### SUPPLIED ENTRIES

****

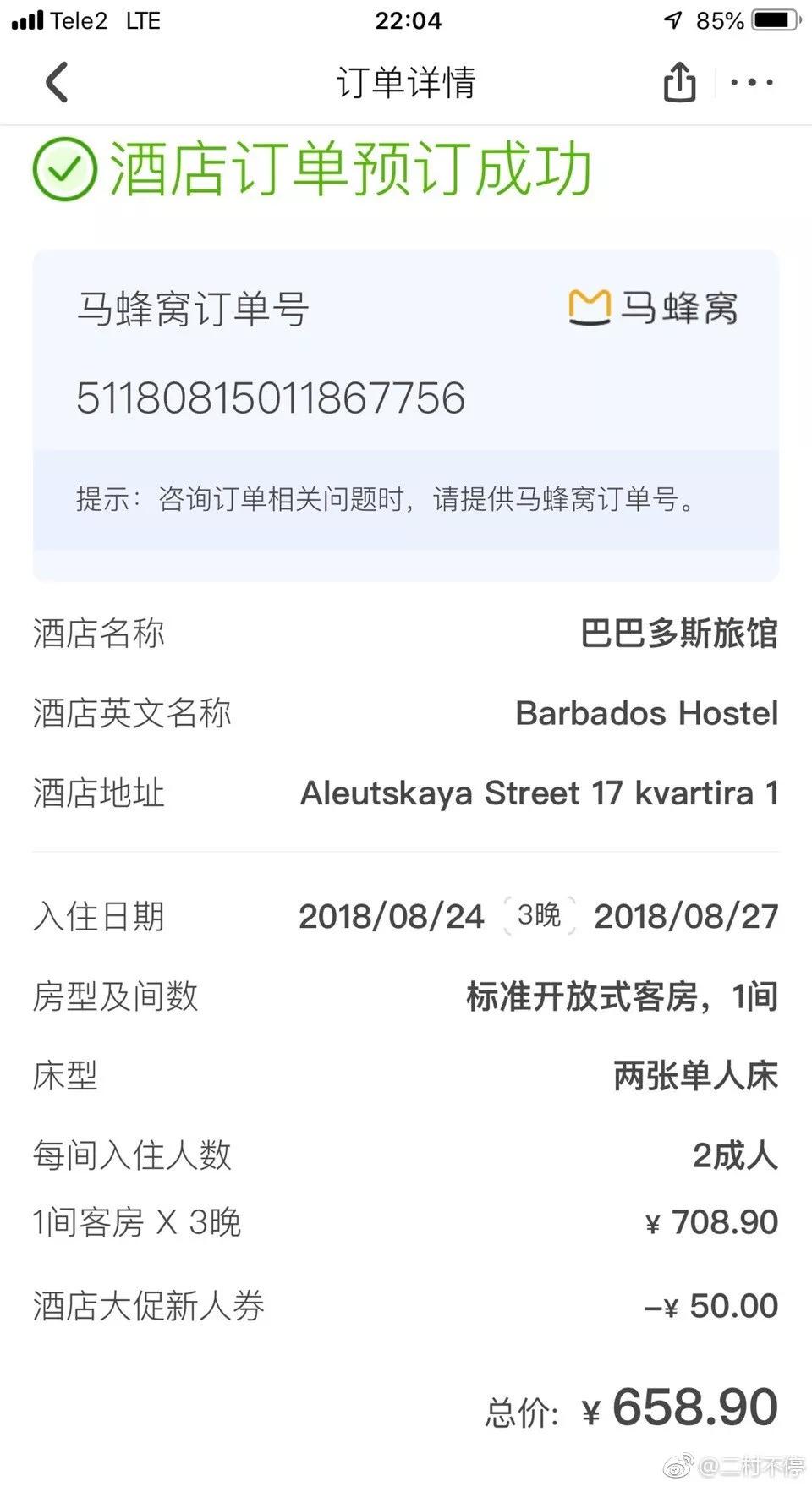 此外,@二村不停 也拜托在国内的朋友致电马蜂窝400客服,得到的结果是马蜂窝境外合作方将该网友预订的俄罗斯的Barbados Hostel错误的预订成了希腊的Barbados Island Hostel。
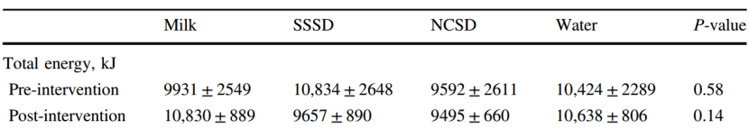 No differences were observed in energy intake between the beverage groups.
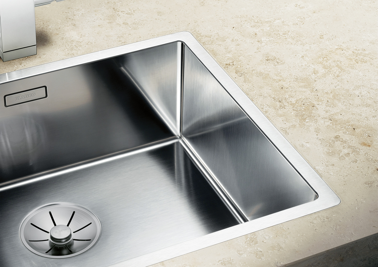 Blanco Claron 500 EDS Seidenglanz Aufliegender oder flächenbündiger Einbau möglich (521576) - Fein gearbeitete Eckradien verleihen den BLANCO CLARON Spülbecken eine außergewöhnliche Eleganz. Die handgefertigten Exklusivbecken mit dem funktionalen Design eröffnen eine nahezu grenzenlose Freiheit für die Planung Ihrer Küche. Zahlreiche Beckenformate bieten perfekte Lösungen für jede Küche und ermöglichen attraktive Kombinationen¬ – für konventionellen und flächenbündigen Einbau oder als Unterbaubecken.
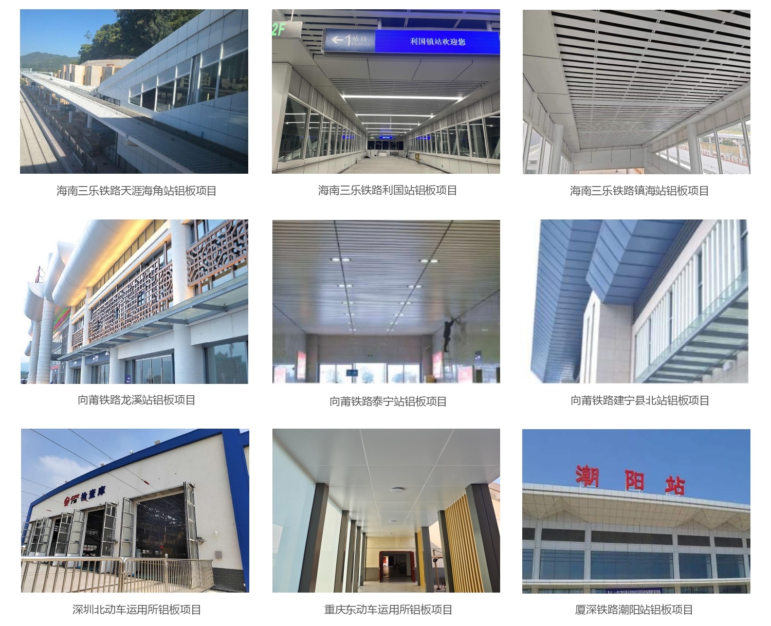 云尚铝板是武汉同信钢结构工程有限公司自有品牌,2013年以来在市场上得到了广泛的应用,典型的工程案例有:深圳北动车运用所,重庆东动车运用所,向莆铁路的龙溪站、泰宁站、建宁县北站,广清城际的清城站、龙塘镇站、白云湖站、江高站,武黄城际的鄂州站、花湖站、黄冈西站,厦深铁路的普宁站、潮阳站,福厦铁路泉州东站,海南三乐铁路的南山站、天涯海角站、镇海站、利国站等一大批有影响的铝板项目,获得了良好的信誉。
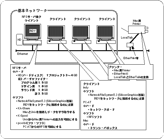 The programmer, designer, and sound development systems mentioned above can be developed more efficiently by being connected via a network. The network environment differs depending on the number of workers (number of machines). Specific network configurations (servers and clients) are described below according to the number of developers.
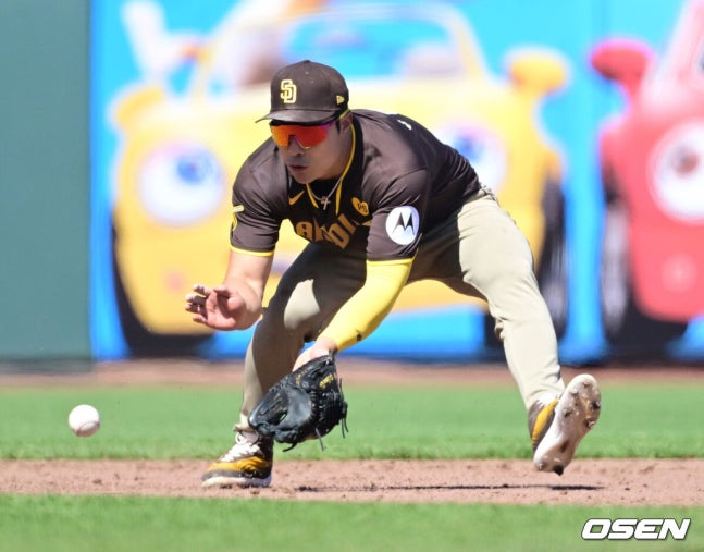 [OSEN=오라클 파크(샌프란시스코 미국 캘리포니아주), 지형준 기자] 샌프란시스코는 8일(한국시간) 미국 캘리포니아주 샌프란시스코 오라클 파크에서 열린 2024시즌 메이저리그 샌디에이고와의 경기에서 3-2로 승리했다. 8회말 2사 1루에서 샌디에이고 김하성이 땅볼을 처리하고 있다. 2024.04.08
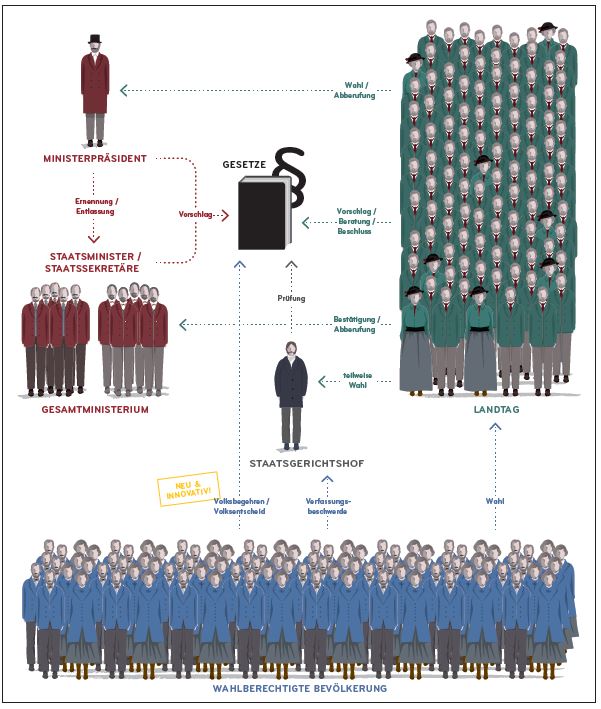 Am 12. August 1919 wurde die nach dem Entstehungsort benannte „Bamberger Verfassung“ angenommen. Bayern war nun eine parlamentarische Demokratie. Wahlberechtigt waren jede Bürgerin und jeder Bürger ab 21 Jahren. Das Volk übte seine Rechte durch das Parlament und mittels Volksbegehren und Volksentscheid aus. Die Verfassung sah darüber hinaus einen starken Landtag vor, der unter anderem zuständig war für die Gesetzgebung, die Genehmigung aller Staatsverträge, die Bewilligung der staatlichen Einnahmen und Ausgaben sowie für die Wahl und Abberufung der Regierung bzw. ihrer Mitglieder. Der Ministerpräsident hatte dagegen in der Regierung eine vergleichsweise schwache Stellung.

****

### WHAT YOU WILL DO
This task calls for the lines from the line containing "[OSEN=오라클 파크(샌프란시스코 미국" through the end of the listing, set down exactly and only, with pictures omitted.

### TASK OUTPUT
 [OSEN=오라클 파크(샌프란시스코 미국 캘리포니아주), 지형준 기자] 샌프란시스코는 8일(한국시간) 미국 캘리포니아주 샌프란시스코 오라클 파크에서 열린 2024시즌 메이저리그 샌디에이고와의 경기에서 3-2로 승리했다. 8회말 2사 1루에서 샌디에이고 김하성이 땅볼을 처리하고 있다. 2024.04.08
 Am 12. August 1919 wurde die nach dem Entstehungsort benannte „Bamberger Verfassung“ angenommen. Bayern war nun eine parlamentarische Demokratie. Wahlberechtigt waren jede Bürgerin und jeder Bürger ab 21 Jahren. Das Volk übte seine Rechte durch das Parlament und mittels Volksbegehren und Volksentscheid aus. Die Verfassung sah darüber hinaus einen starken Landtag vor, der unter anderem zuständig war für die Gesetzgebung, die Genehmigung aller Staatsverträge, die Bewilligung der staatlichen Einnahmen und Ausgaben sowie für die Wahl und Abberufung der Regierung bzw. ihrer Mitglieder. Der Ministerpräsident hatte dagegen in der Regierung eine vergleichsweise schwache Stellung.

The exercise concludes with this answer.